Can't I always create regular $n$ sided polygon for any given value of $n$? Following is the first paragraph from the section "Construction of regular polygon" from Hardy and Wright. > We conclude this chapter by a short excursus on one of the famous problems of elementary geometry, that of the construction of a regular polygon of $n$ sides, or of an angle $\alpha = \frac{2\pi}{n}$. Suppose that $gcd(n_1,n_2) = 1$ and that the problem is soluble for $n = n_1$ and for $n = n_2$. There are integers $r_1$ and $r_2$ such that $$r_1n_1,+r_2n_2 = 1 \;...(1)$$ or $$r_1\alpha_2+r_2\alpha_1 = r_1\frac{2\pi}{n_2}+r_2\frac{2\pi}{n_1}=\frac{2\pi}{n_1n_2} \;...(2)$$ Hence, if the problem is soluble for $n = n_1$, and $n = n_2$, it is soluble for $n = n_1n_2$. I can't make sense of it. Can't I always construct a regular $n$ sided polygon for any $n \ge 3 $ ? Also how can it be concluded from $(1)$ and $(2)$ that if problem is solvable for $n=n_1$ and $n=n_2$ it is solvable for $n=n_1n_2$ ?

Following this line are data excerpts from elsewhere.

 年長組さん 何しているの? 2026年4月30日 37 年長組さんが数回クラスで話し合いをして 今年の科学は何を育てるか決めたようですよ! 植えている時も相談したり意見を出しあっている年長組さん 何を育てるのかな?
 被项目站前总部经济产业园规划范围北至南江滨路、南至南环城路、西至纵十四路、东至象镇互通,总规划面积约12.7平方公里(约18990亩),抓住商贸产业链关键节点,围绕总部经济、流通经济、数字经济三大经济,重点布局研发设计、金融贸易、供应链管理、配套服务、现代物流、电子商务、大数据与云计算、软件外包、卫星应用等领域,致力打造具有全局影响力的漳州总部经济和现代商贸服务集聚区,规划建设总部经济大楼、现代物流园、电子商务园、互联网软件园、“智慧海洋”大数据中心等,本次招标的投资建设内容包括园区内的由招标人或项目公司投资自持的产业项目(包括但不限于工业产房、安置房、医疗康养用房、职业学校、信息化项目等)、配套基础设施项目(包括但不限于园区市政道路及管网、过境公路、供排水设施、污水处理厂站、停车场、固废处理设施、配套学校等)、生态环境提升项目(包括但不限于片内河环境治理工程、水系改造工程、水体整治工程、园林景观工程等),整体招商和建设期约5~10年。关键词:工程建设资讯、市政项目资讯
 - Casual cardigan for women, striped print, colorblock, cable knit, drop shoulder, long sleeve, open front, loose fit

First question: although it is not mentioned in the excerpt you quoted, Hardy and Wright are referring to constructions using only compass and straight edge (unmarked ruler) in the manner prescribed in geometry at the time of the Ancient Greeks.

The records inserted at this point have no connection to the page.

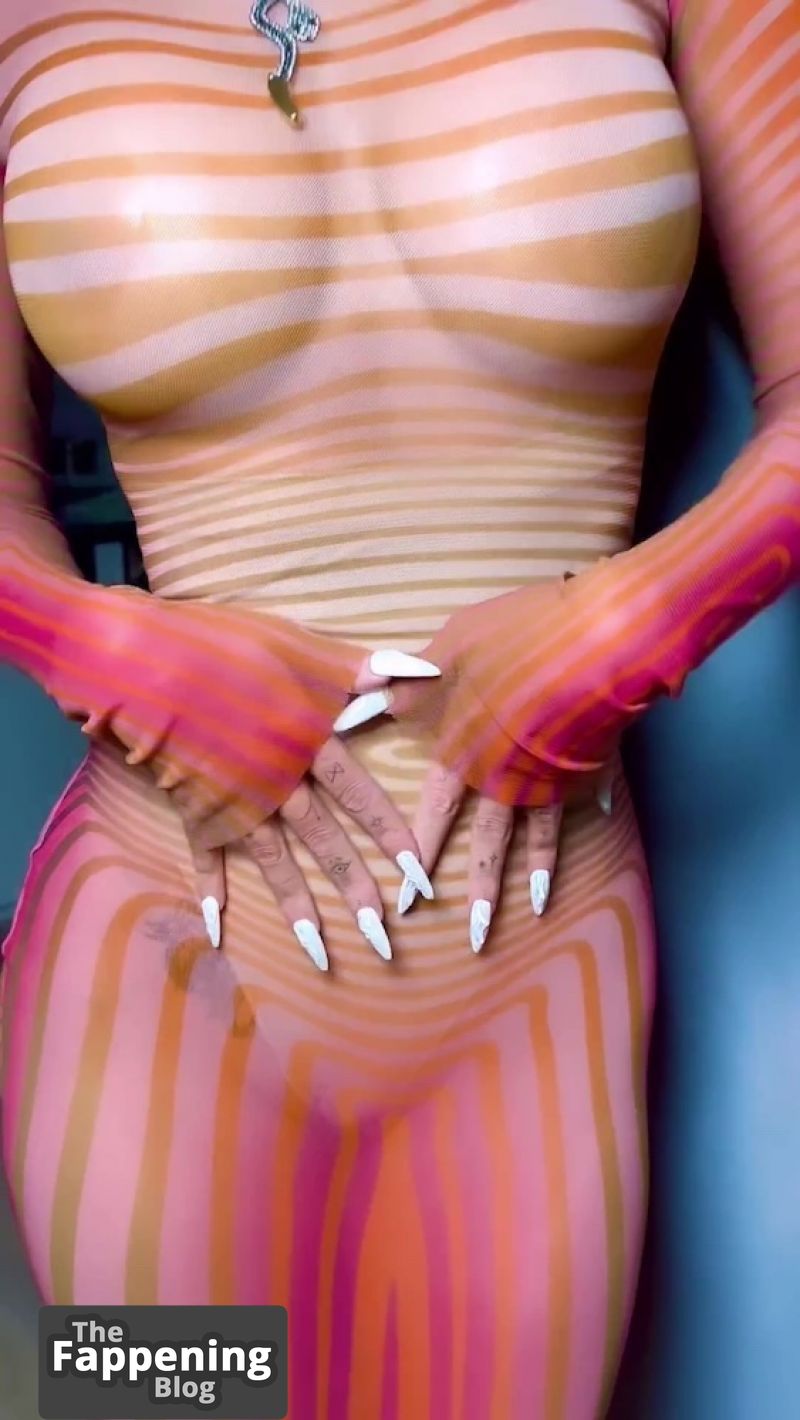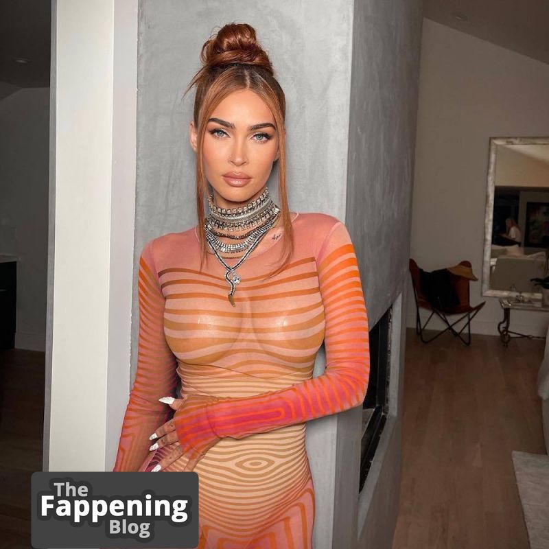 La collezione fotografica di Megan Fox è ricca di contenuti espliciti, con lei in topless che mostra il suo ampio seno, scollatura profonda senza reggiseno, capezzoli esposti, sideboob e parti intime visibili.
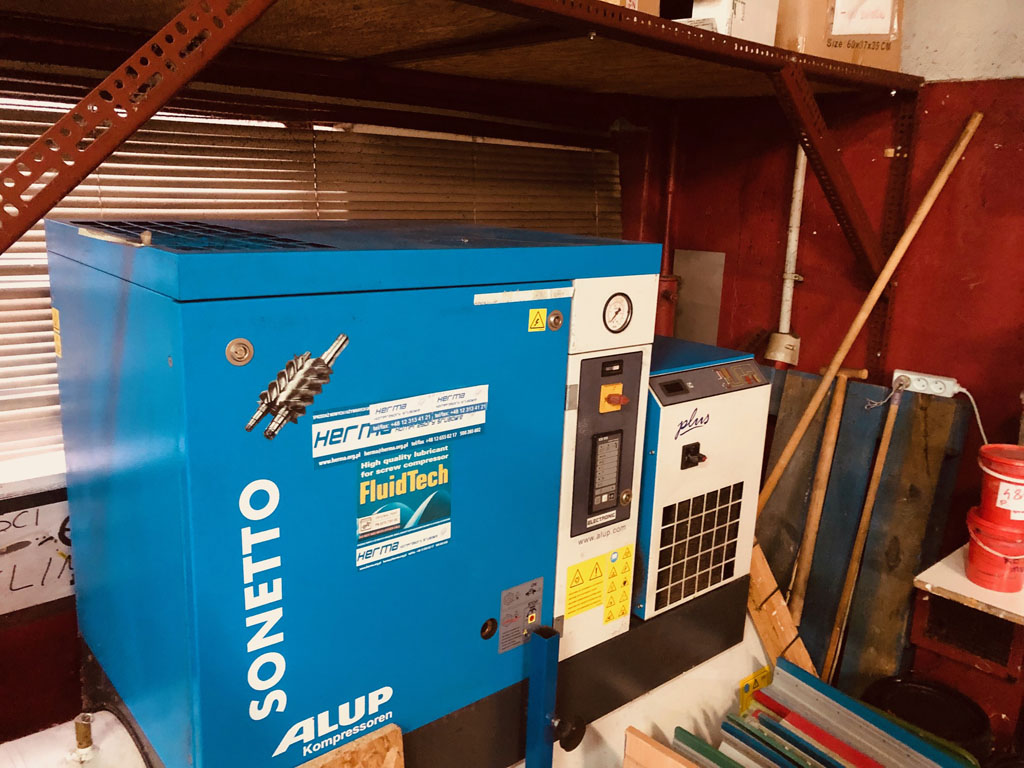 - kompresor Alup Sonetto o mocy 15,5 kW, 10 bar, zbiornik 400 L i osuszacz, rok produkcji 2012, przebieg 6310 godzin - cena 15000,-PLN netto.
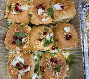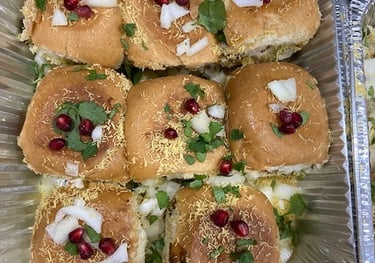 Dabeli is a spiced potato mixture sandwiched between a bun (pav) and garnished with a variety of toppings.
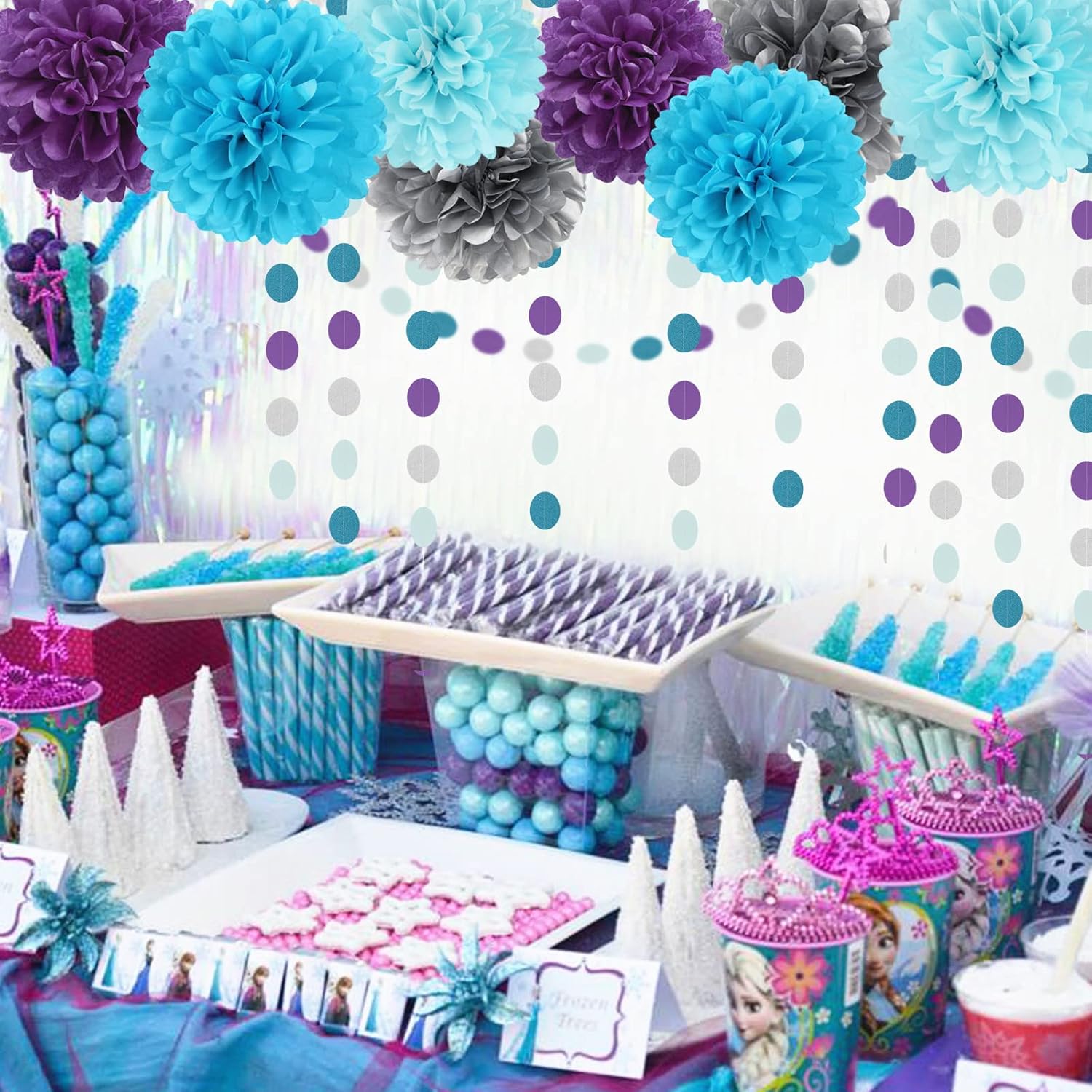 Purple-Blue Silver Frozen Christmas Party-Decorations - 30pcs Tissue Pom Poms Streamers,Winter Girl Birthday New Year Tassel Garland Banner,Wonderland Mermaid Baby Shower Wedding Supplies Decor Bunting Lasting Surprise

Under these restrictions it is impossible, for example, to construct a regular $7$-gon. If you look up "ruler and compass constructions" you will find many online references to this.

Second question: constructing a regular $n$-gon is equivalent to constructing an angle of $2\pi/n$. If you can do this, it is easy to construct twice this angle, three times and so on. Further, if you can construct angles $\alpha$ and $\beta$ then it is easy to construct angles $\alpha\pm\beta$. So, if you can construct angles of $2\pi/n_1$ and $2\pi/n_2$, then you can construct $$r_1\frac{2\pi}{n_2}+r_2\frac{2\pi}{n_1}\ ,$$ and as shown by the above equation, this is the angle $2\pi/(n_1n_2)$.